• Directions: Start the copy at the line containing "Oyuncak civciv ve" and run it through the last line of the records. Repeat each line exactly; omit pictures.

Collection entries:
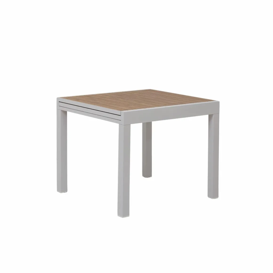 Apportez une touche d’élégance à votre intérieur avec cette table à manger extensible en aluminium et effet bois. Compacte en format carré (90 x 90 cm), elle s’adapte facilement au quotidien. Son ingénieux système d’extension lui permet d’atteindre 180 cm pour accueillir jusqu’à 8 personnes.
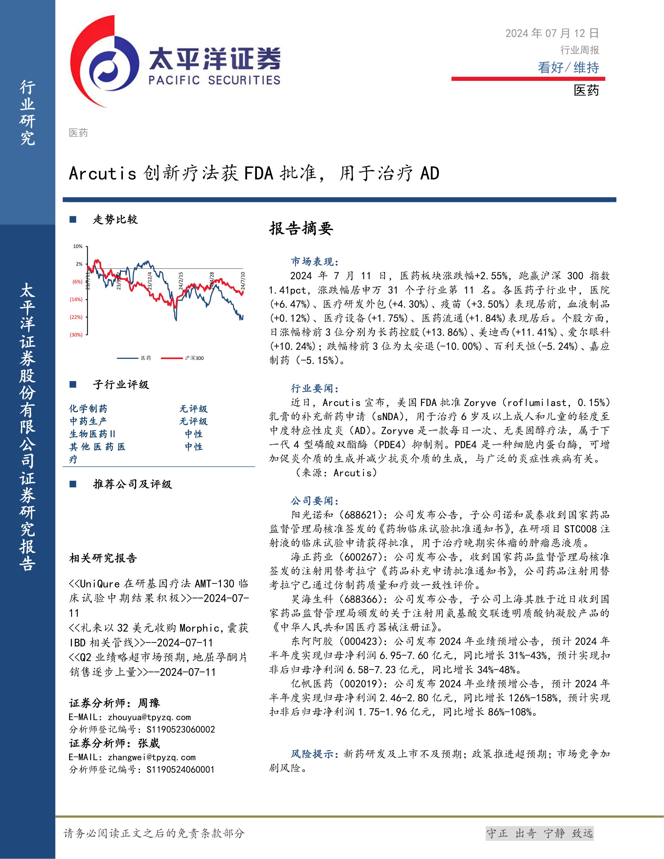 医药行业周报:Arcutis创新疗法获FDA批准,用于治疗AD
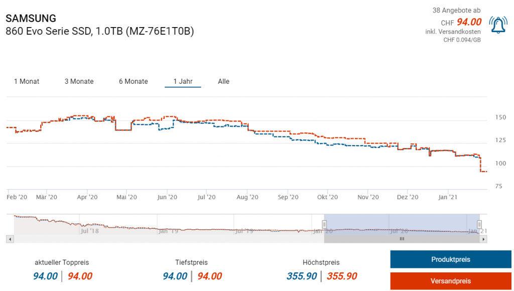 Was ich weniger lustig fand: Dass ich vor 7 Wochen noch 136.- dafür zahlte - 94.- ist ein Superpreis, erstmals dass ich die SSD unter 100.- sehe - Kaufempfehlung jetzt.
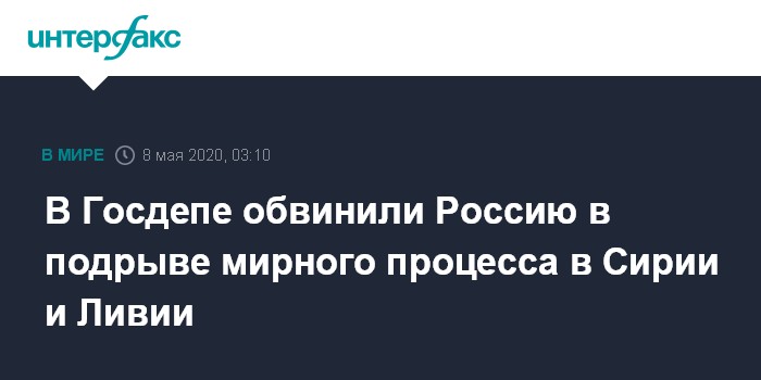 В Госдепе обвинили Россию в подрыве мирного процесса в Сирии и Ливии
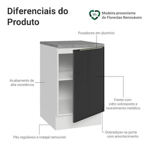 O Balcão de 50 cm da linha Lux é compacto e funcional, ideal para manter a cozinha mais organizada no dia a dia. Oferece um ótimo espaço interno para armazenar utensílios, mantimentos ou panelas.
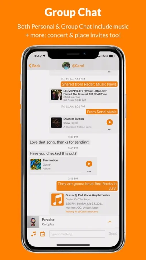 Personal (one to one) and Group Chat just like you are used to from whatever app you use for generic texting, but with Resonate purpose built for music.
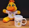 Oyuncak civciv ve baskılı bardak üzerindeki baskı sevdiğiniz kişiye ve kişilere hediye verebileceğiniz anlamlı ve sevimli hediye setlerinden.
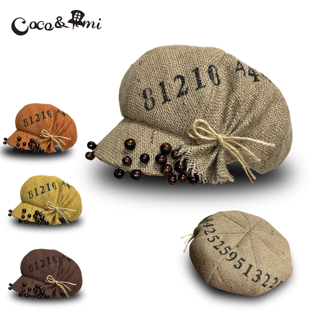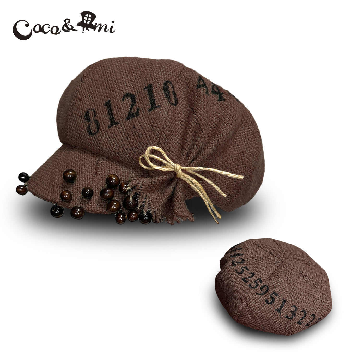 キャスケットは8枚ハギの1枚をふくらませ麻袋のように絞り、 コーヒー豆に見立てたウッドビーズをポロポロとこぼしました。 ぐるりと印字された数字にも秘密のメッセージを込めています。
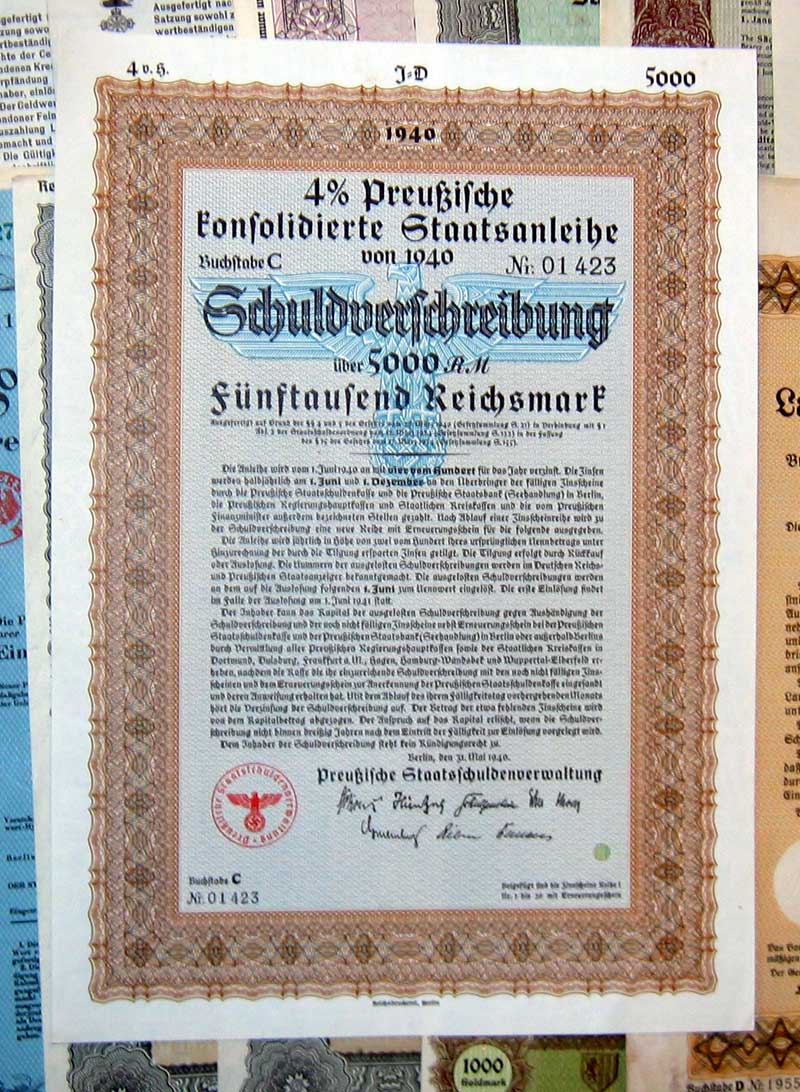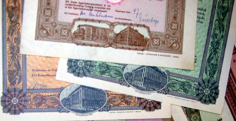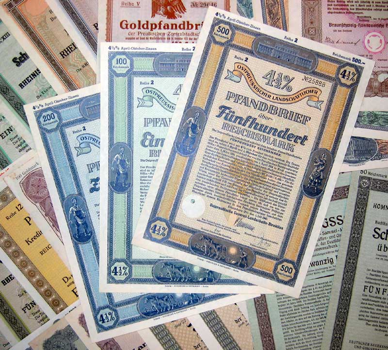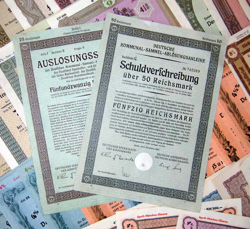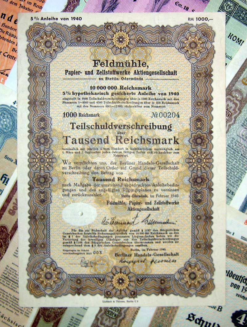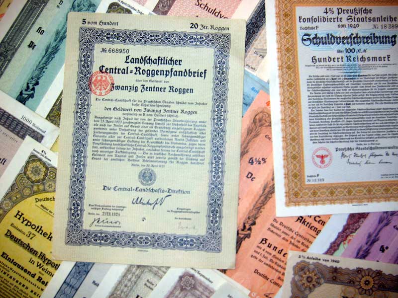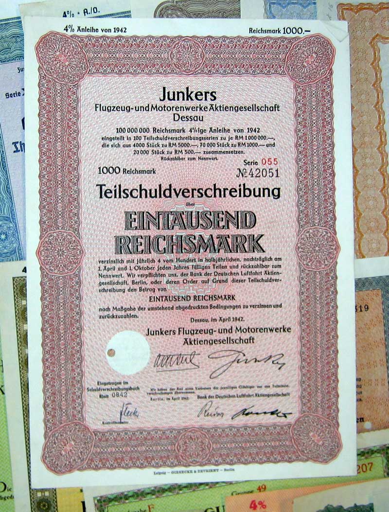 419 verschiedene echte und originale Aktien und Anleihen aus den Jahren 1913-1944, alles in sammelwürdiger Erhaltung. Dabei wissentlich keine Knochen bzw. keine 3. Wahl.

• Task solution:
 Oyuncak civciv ve baskılı bardak üzerindeki baskı sevdiğiniz kişiye ve kişilere hediye verebileceğiniz anlamlı ve sevimli hediye setlerinden.
 キャスケットは8枚ハギの1枚をふくらませ麻袋のように絞り、 コーヒー豆に見立てたウッドビーズをポロポロとこぼしました。 ぐるりと印字された数字にも秘密のメッセージを込めています。
 419 verschiedene echte und originale Aktien und Anleihen aus den Jahren 1913-1944, alles in sammelwürdiger Erhaltung. Dabei wissentlich keine Knochen bzw. keine 3. Wahl.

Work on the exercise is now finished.